RE: immuno/floating tissue
From: | MontagueDonnaC@uams.edu |
1)Try BD Gold Seal Ultrastick (TM) slides or Polysciences SectionLock (TM)
Slides
2)Let the water from the flotation bath drain off the slide 3-5 minutes (by
standing the slide up against the outside edge of the float bath or in a
slide draining rack) before placing the slide flat on the slide warming
station.
3)Leave the slide on the very warm slide warming table (approximately 5
degrees less than the meltpoint of the paraffin you are using)until the
paraffin is completely melted and the section glistens.
NOTE:If the slide has not been properly drained before placement on the
warming table small (often undetectable to the naked eye) bubbles will form
between the section and the slide. Thus decreasing any adherance you may
think you are gaining by using costly slides and expensive additives.

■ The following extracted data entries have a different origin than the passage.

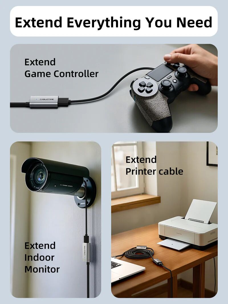 Καλώδιο USB αρσενικό σε θηλυκό της Cabletime ιδανικό για την προέκταση συνδέσεων μεταξύ υπολογιστών και περιφερειακών με USB διεπαφή.
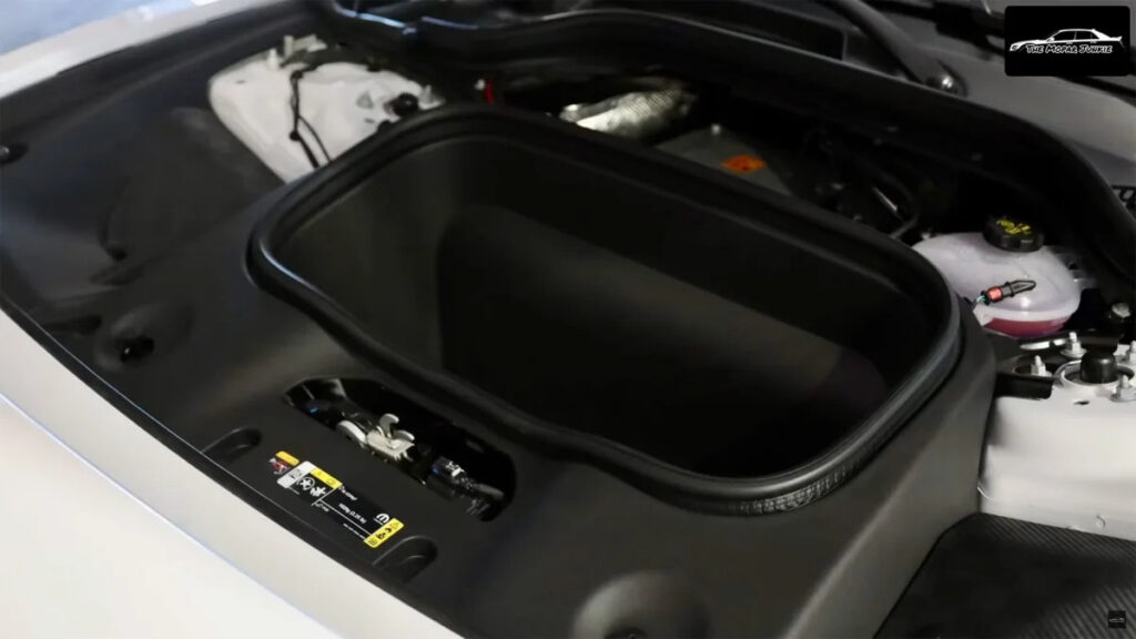 Two of our takeaways from the piece are MI calling the red car a Scat Pack First Edition, leading us to believe there are still some MSRP surprises in store after our posts about rumored pricing and official pricing. The other is clear picture of the frunk — the one that comes with the $4,995 Plus Group. It’s less a cargo storage area, more of deep, carpeted storage bin. We suspect there’s so much room in the hatched cargo area, especially with lie-flat seats, that the frunk won’t get much use, although it looks like a great space for the charging cable and other little odds & ends every driver should carry for emergencies.
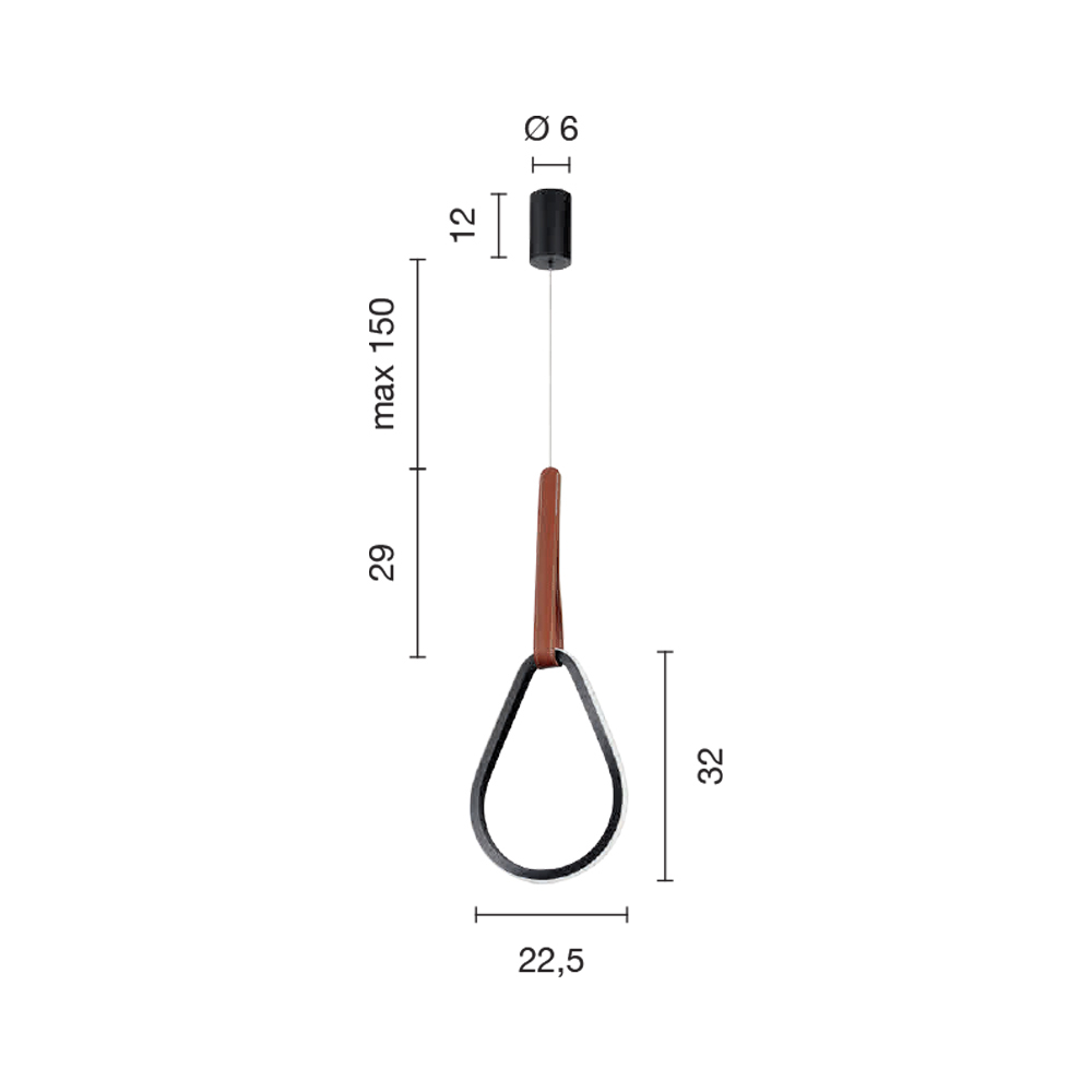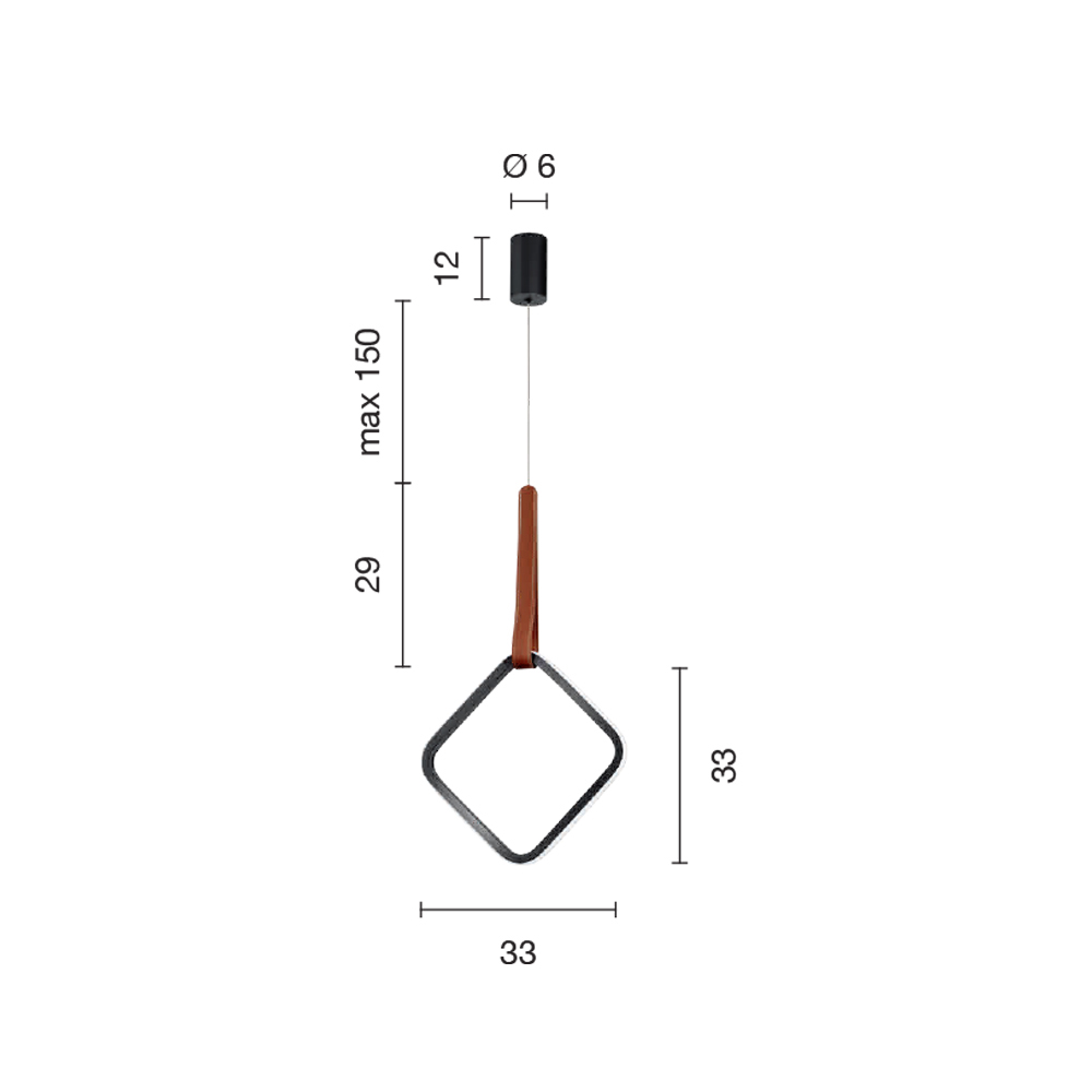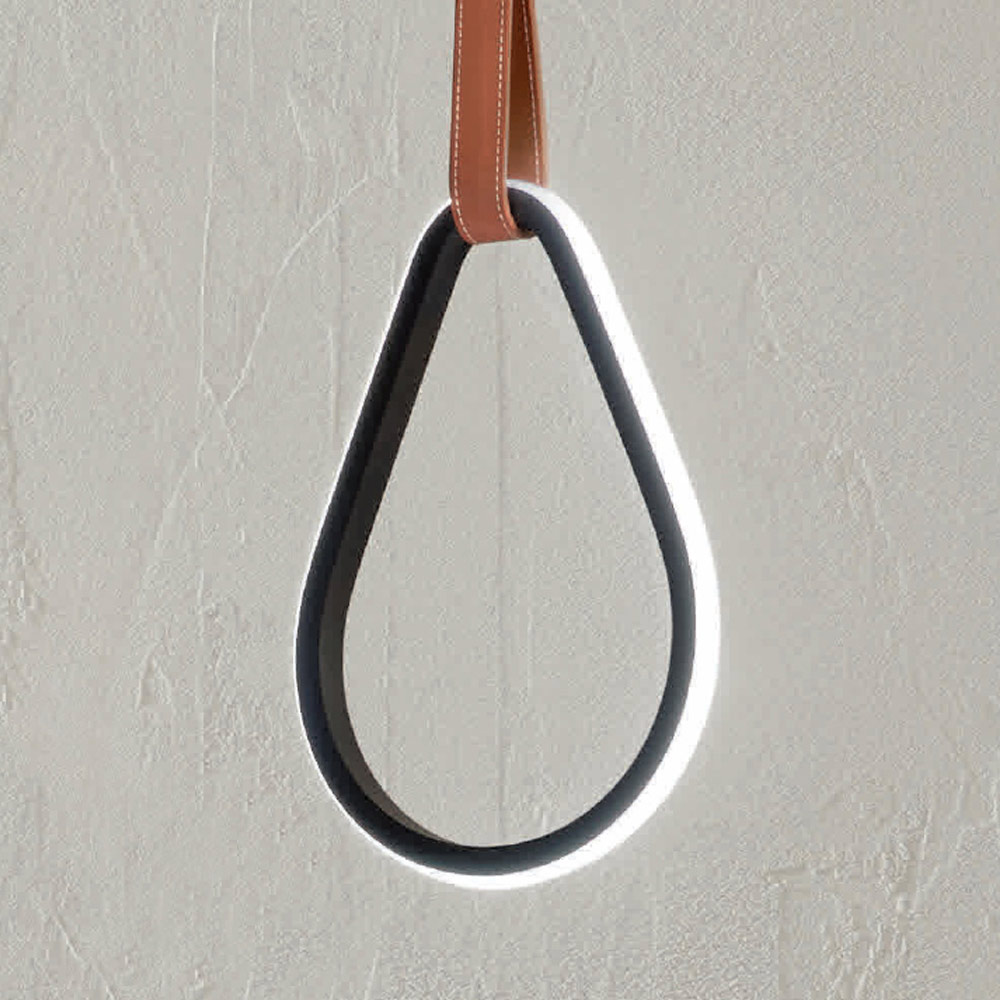 Llamba varësee prodhuar tërësisht në Itali e prodhuar nga metali i lyer me ngjyrë të zezë dhe element prejlëkure eko ngjyrë lëkure me kabllo të rregullueshme në gjatësi dhe drita LED me errësim në forma të ndryshme gjeometrike. Ky produkt synon të përmirësojë traditën përmes një qasjeje bashkëkohore ku stili, klasi dhe inovacioni bashkohen për të krijuar formula të reja dizajni për të mobiluar dhe ndriçuar çdo ambient me shije dhe karakter. Pikat e forta janë veçantia e formave , cilësia e materialeve dhe veçantia e burimit të dritës .

My two cents learned the hard way doing hard tissues, Good luck
Donna Montague, M.S.
Research Associate
Physiology/Biophysics and Orthopaedic Surgery
University of Arkansas for Medical Sciences
(501) 603-1239
-----Original Message-----
From: Vicki Kalscheur [mailto:kalschev@svm.vetmed.wisc.edu]
Sent: Friday, July 20, 2001 8:56 AM
To: histonet@pathology.swmed.edu
Subject: immuno/floating tissue
I am a graduate student working on my MS in the Comparative Orthopedic
Research Lab at the UW-Madison.
My project involves examining chondrocyte viability in bovine patella
samples over time. Part of my project is examining the articular
cartilage for apoptotic chondrocytes. I will be using Anti-Caspace 3,
Anti-PARP, and Tunel assays to do this.
I am, however, having a problem regarding this procedure. It seems
that my samples will not adhere to the slides during the assays.
After about 4 washes (only 1/4 of the way through each assay) the
sections fall off the slides and float in the solution.
I have tried Aminoalkylsilane coated slides, and a product called HALT
to help adhere the sections but have had no luck. I am currently
using EDTA to decalcify the sections and frozen sectioning. I have
considered using paraffin embedded samples to secure my samples more
effectively but am afraid of the damage to the chondrocytes during
heating. We also plan on trying some free-floating analysis.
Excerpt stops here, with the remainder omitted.